Thursday, January 20, 2011

A Paean to Printers

Book artist Xavier Antin has created an edition of 100 books printed with four machines from four technological eras.

Four printers sitting on different-height tables
Called Just in Time: A Short History of Production, the book is printed in the usual process colors (cyan, magenta, yellow, and black), but each of the colors is applied by one of the printers as the sheet of paper drops into its paper feed.

The oldest printer, an 1880 stencil duplicator (known to us oldsters as a mimeograph) was used for the magenta; a 1923 spirit duplicator (again, the trademarked name we know is ditto) printed the cyan color; a 1969 laser printer did the black, and a 1976 inkjet laid down the final color, yellow.
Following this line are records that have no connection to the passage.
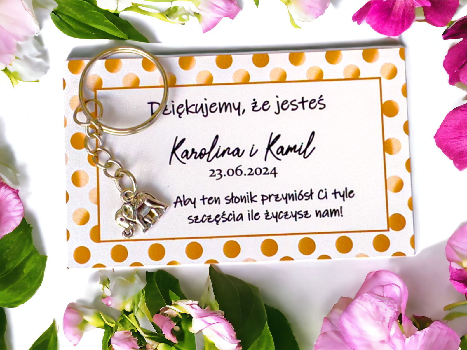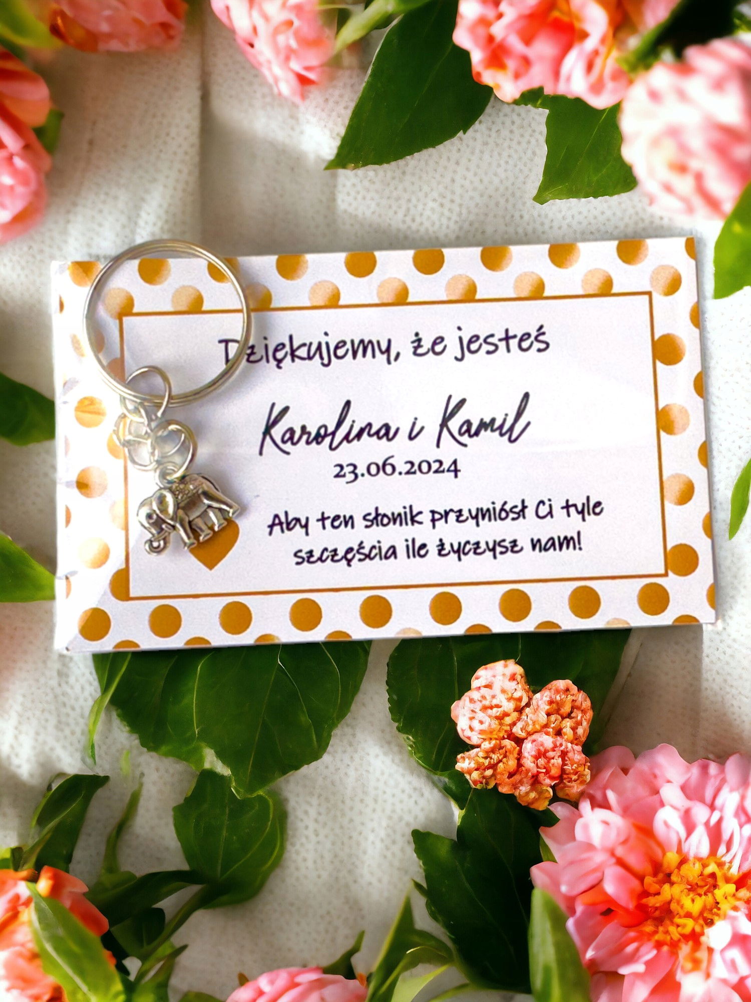 Podziękowanie podziękowania dla gości weselnych Wesele słonik brelok PR 4
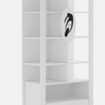 کتابخانه بلند و مدرن با طراحی هماهنگ با تاج تخت و دراور برای نگهداری کتاب و وسایل تزئینی.
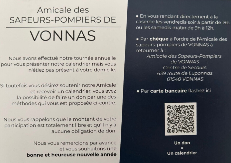 Si vous n’êtes pas présent le jour de leur venue mais que vous souhaitez quand même faire un don, un avis de passage sera déposé dans votre boîte aux lettres et vous pourrez effectuer un don en ligne via le QR code. Le calendrier vous sera ensuite déposé quelques jours plus tard.
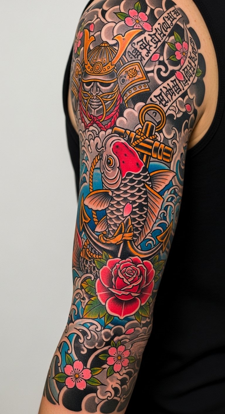 Japanese motifs, like koi and cherry blossoms, reflect life’s journey and impermanence, igniting your creativity and inviting you to express your own unique narrative through meaningful ink. This sleeve concept combines those elements to symbolize perseverance (koi swimming upstream), steadfastness and remembrance (anchor and rose), and the transience of life (cherry blossoms).
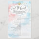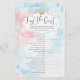 金ゴールドのグリッターとクラウンとピンクモダンブルーの水色の背景にスクリプトフォントを備え、驚きに最適なベビシャワーゲームカード!このカードを使って性別を明かすパーティー!
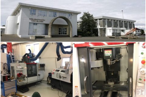Nemendur í vélvirkjun við FVA vinna með nýjan tölvustýrðan fræsara
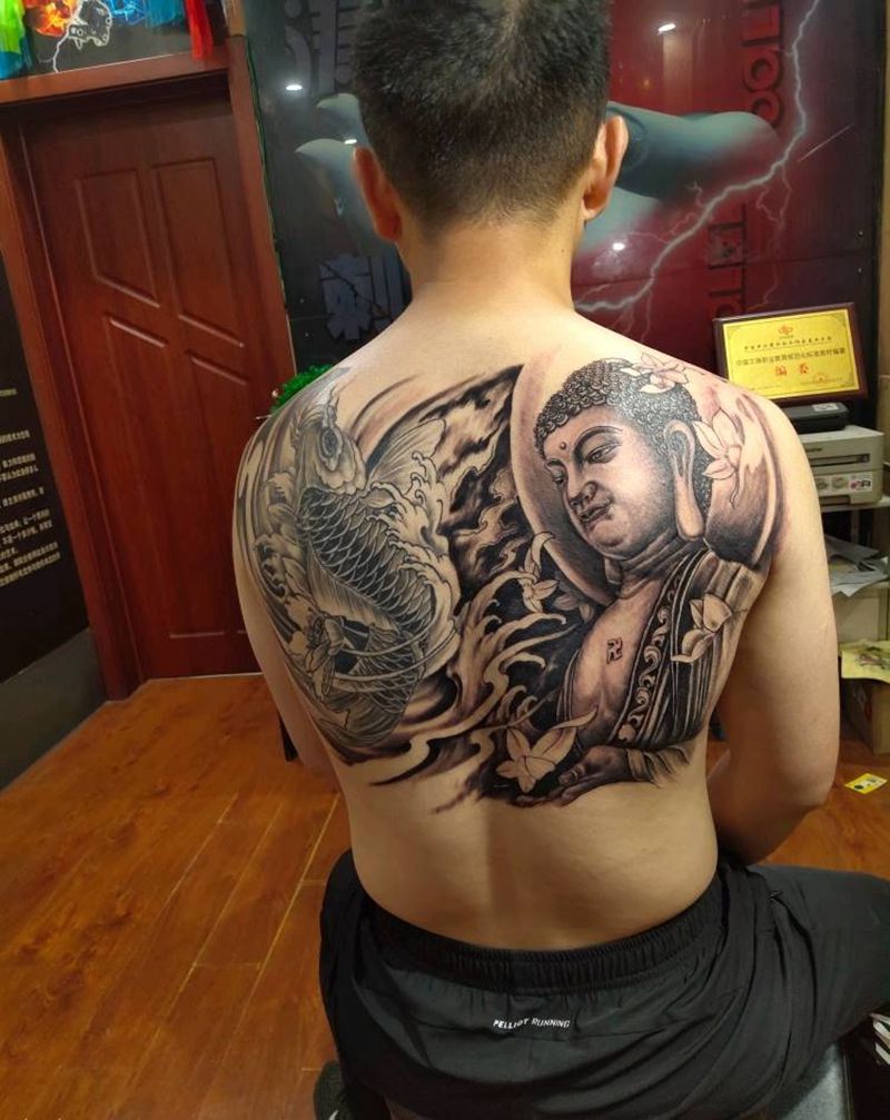 当前位置: 首页 >山东省聊城市纹身店-伍缔堂刺青馆阿涛纹身图案>半背聆听纹身图片_背部新传统纹身图案
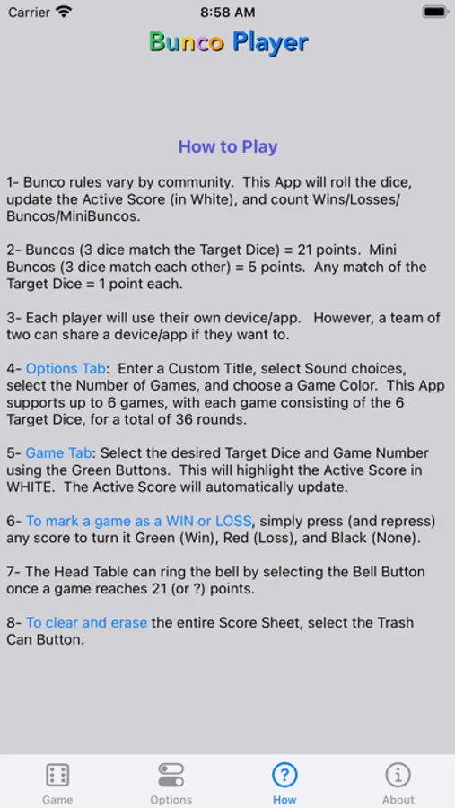 Bunco rules vary by community; however, this App will roll the dice, update the score, count the Wins/Losses/Buncos/MiniBuncos, and allow the Head Table to "ring" the bell!
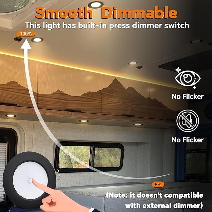 - Integral Tactile Push Button & Dual Color: This 12V Puck Light has inbuilt Tactile Push Button dimmer for on/off and stepless dimming control, plus the red light preserves night vision in dark night.
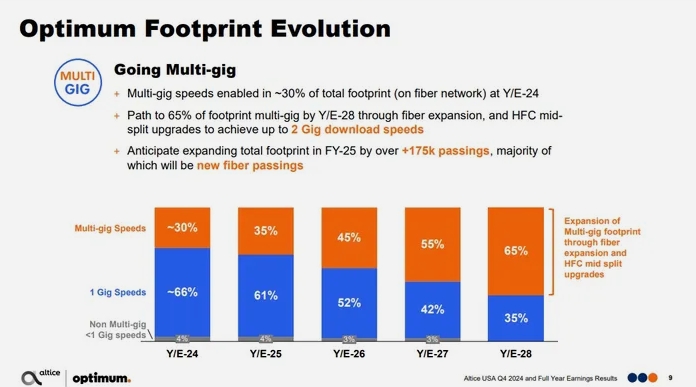 Altice USA估計,目前幾乎95%的服務(wù)區(qū)域已提供1-Gig的速度,并預(yù)計到2027年底實現(xiàn)全覆蓋。
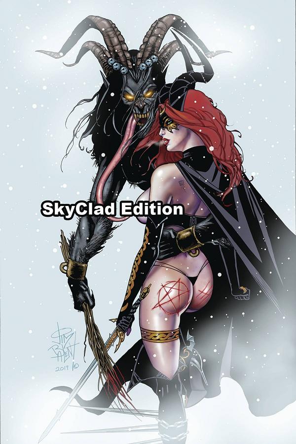 Only 100 of these card stock high quality variant Skyclad covers to Jim's "The Yuletide Monster Mash" the story of when Spellerella brings The Krampus into her world of animated Monsters! Soon she realizes that the Krampus is too much for her to handle so she conjures up Tarot to help stop the yule devil!. Comes bagged, boarded, numbered, and signed by Jim with a COA. A Perfect Collector's self care treat.

Color page from a book; it looks funky and out of register
You can see the result doesn't look like commercial printing, nor is it intended to. I'd love to see one in person.

Dittos and mimeos hold a special place in my memory. I can still remember the smell of a fresh ditto; I imagine those solvents were responsible for the loss of a few of my brain cells. The mimeo were patented by Thomas Edison (I didn't know that!) and licensed to the eponymous A.B. Dick in 1887. It was Dick who trademarked the name "mimeo."

The irregular newspaper I edited my senior year of high school in the late 1970s was first printed with purple dittos; we were thrilled to be upgraded to mimeos after a few issues. It was even more special when we got access to the electrostencil machine, which made it possible to draw artwork and have it burned into a stencil, rather than trying to draw on the stencil.

Mimeos were completely supplanted by photocopiers after I left college. According to the Wikipedia, they're still common in developing countries because they're cheap, easy to use and fix, and can be run without electricity. Sounds like a good reason to bring them back here, too. Here's another cool fact: the sheets were made from waxed mulberry paper.

I didn't see my first laser printer until 1985. Because I was accustomed by then to phototypesetting machines, which made a symphony of clunks and clicks as they set type, I almost couldn't believe it when the laser printer silently spat out a sheet of black type without the aid of photochemicals. I knew then that the end of typesetting was in sight.